We will first dive into the details of the semantics and topics commonly used by threat actors to deliver malicious attachments and URLs, which lays the foundation of our approach. We employ BERTopic, an unsupervised topic modeling technique, to identify common semantic patterns and themes in emails used to deliver malicious attachments and call-to-action URLs. Text from the body of emails and attachments spanning the past decade were extracted and sanitized to ensure consistency. Multilingual embedding models, such as BGE-M3, are used to generate dense vector representations, which are subsequently clustered using density-based algorithms like OPTICS, aided by dimensionality reduction through UMAP. Phi-3-Mini-4K-Instruct was used to derive the semantics from the clusters, while hierarchical topic modeling with hLDA uncovers deeper thematic structures and threat actor patterns from the clusters.

Each incoming email undergoes zero-shot semantic classification using prompt engineering to derive the semantics in the body and from the text in the attachment of the email. Additionally, we perform cosine similarity analysis by comparing the email’s embeddings against a repository of pre-stored embeddings. This helps determine whether the email contains semantics that have been used by threat actors to deliver malicious URLs and attachments. Once semantics are detected, we apply phrase-topic, hierarchical topic modeling to uncover hidden relationships between various topics, revealing the underlying thematic structures in the email.

Semantics extracted from emails — derived using prompt engineering with LLMs, similarity analysis, and cross-encoder-based semantic re-ranking — along with topics and inter-topic relationships identified through hierarchical topic modeling, email headers, and auxiliary data from call-to-action URLs (including WHOIS information, certificates, URL structure, hosting platform details, etc.), as well as deep file parsing results, are all fed into the expert system. The system analyzes the contextual relationships among the intent (semantics, embedded themes), SMTP headers, and auxiliary information from URLs and attachments to determine whether an attachment or URL is malicious or benign. This comprehensive approach enables the detection of phishing URLs and attachment without relying on the final landing URL, exploitation-stage features, or malicious payloads of attachments.

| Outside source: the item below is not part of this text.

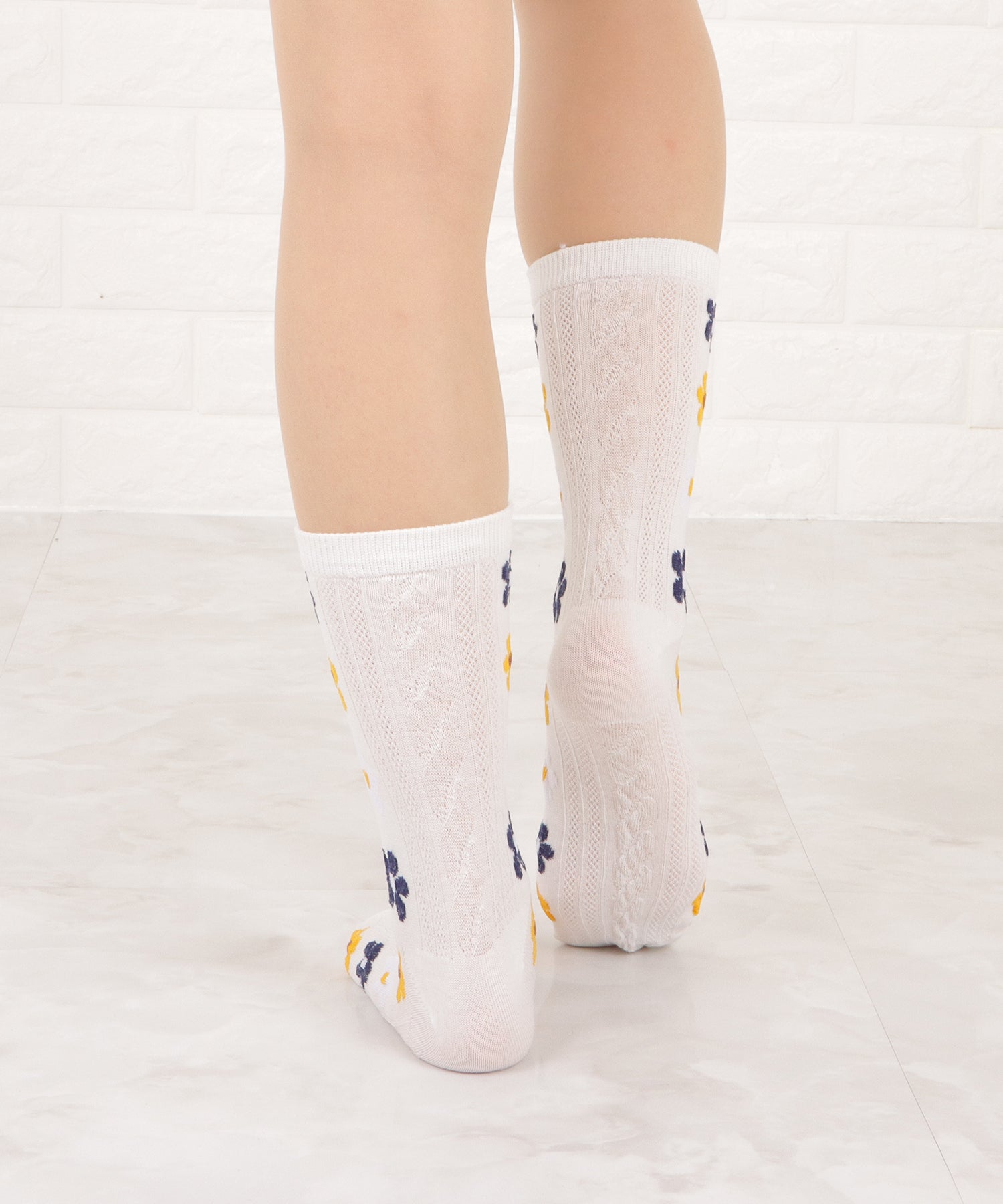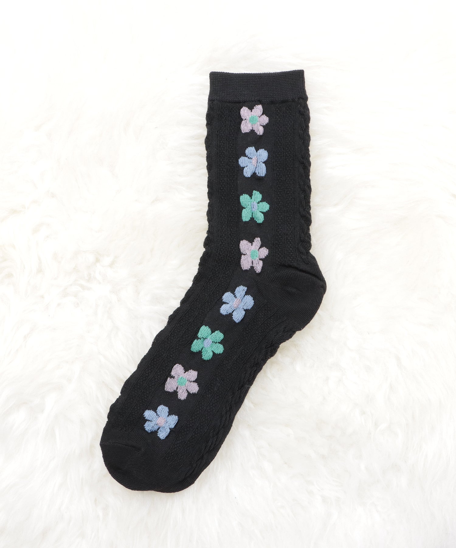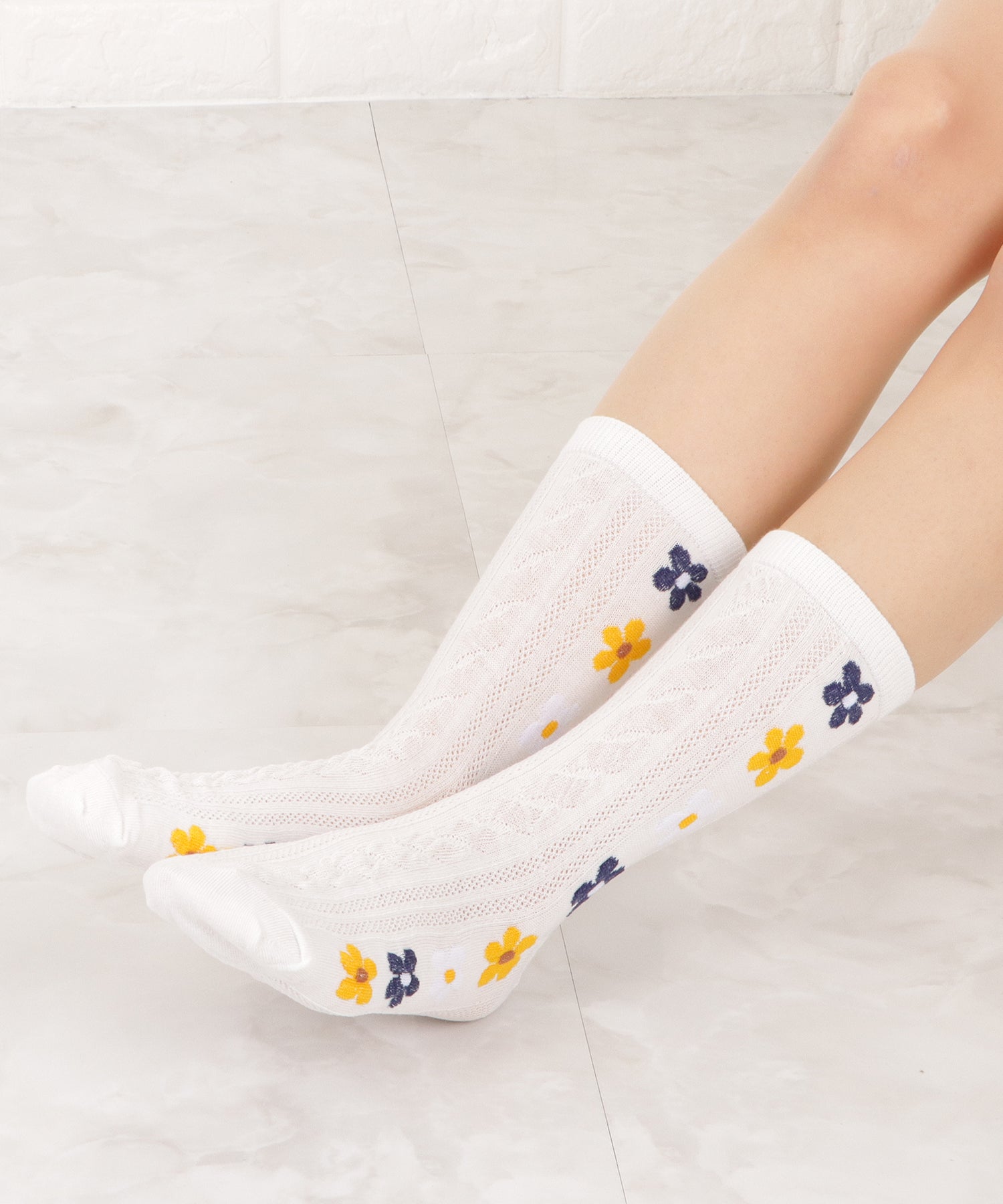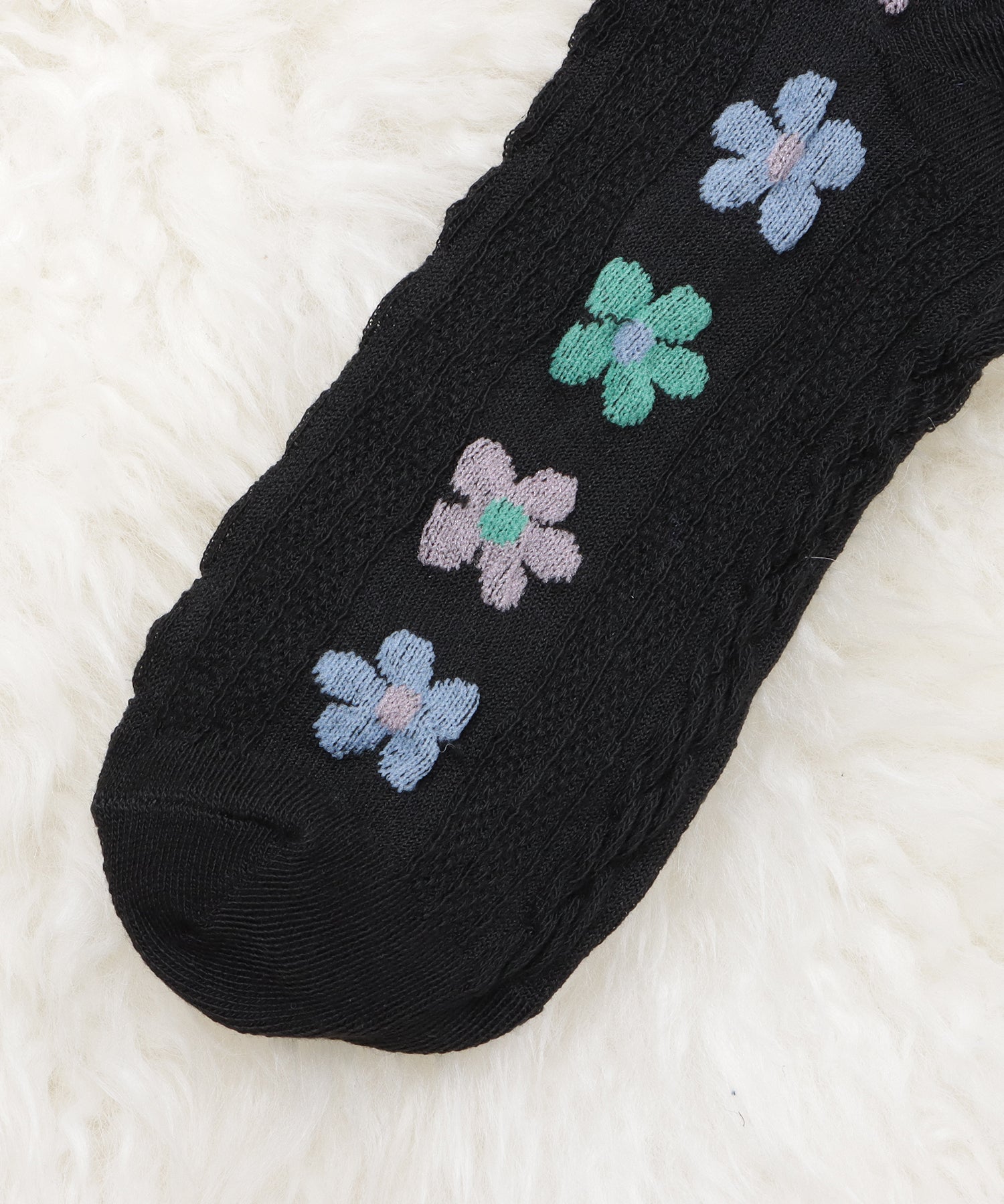 レトロでポップな花柄が目を惹く、クルーソックス3足セット

The presentation will dive into the aspect of how the ability to understand the deeper meaning i.e. intent of an email further enables it to detect complex BEC cases, while its Zero-Shot semantic classification layer ensures the detection of AI-driven variations in conversational payloads.

The presentation will share empirical findings from live production traffic, including a detailed breakdown of evasive attack categories. Notably, in real-world environments, 93% of the evasive malicious attachments and URLs—across formats such as SVG, HTML, and DOCX—detected by our algorithm were missed by 96% of antivirus engines as reported in VirusTotal telemetry. The system also accurately identified complex BEC attacks, including impersonation of customers and vendors and invoice fraud, with high precision and minimal false positives. These findings underscore the algorithm’s robustness in detecting stealthy, low-detection-rate threats across both controlled benchmarks and operational deployments.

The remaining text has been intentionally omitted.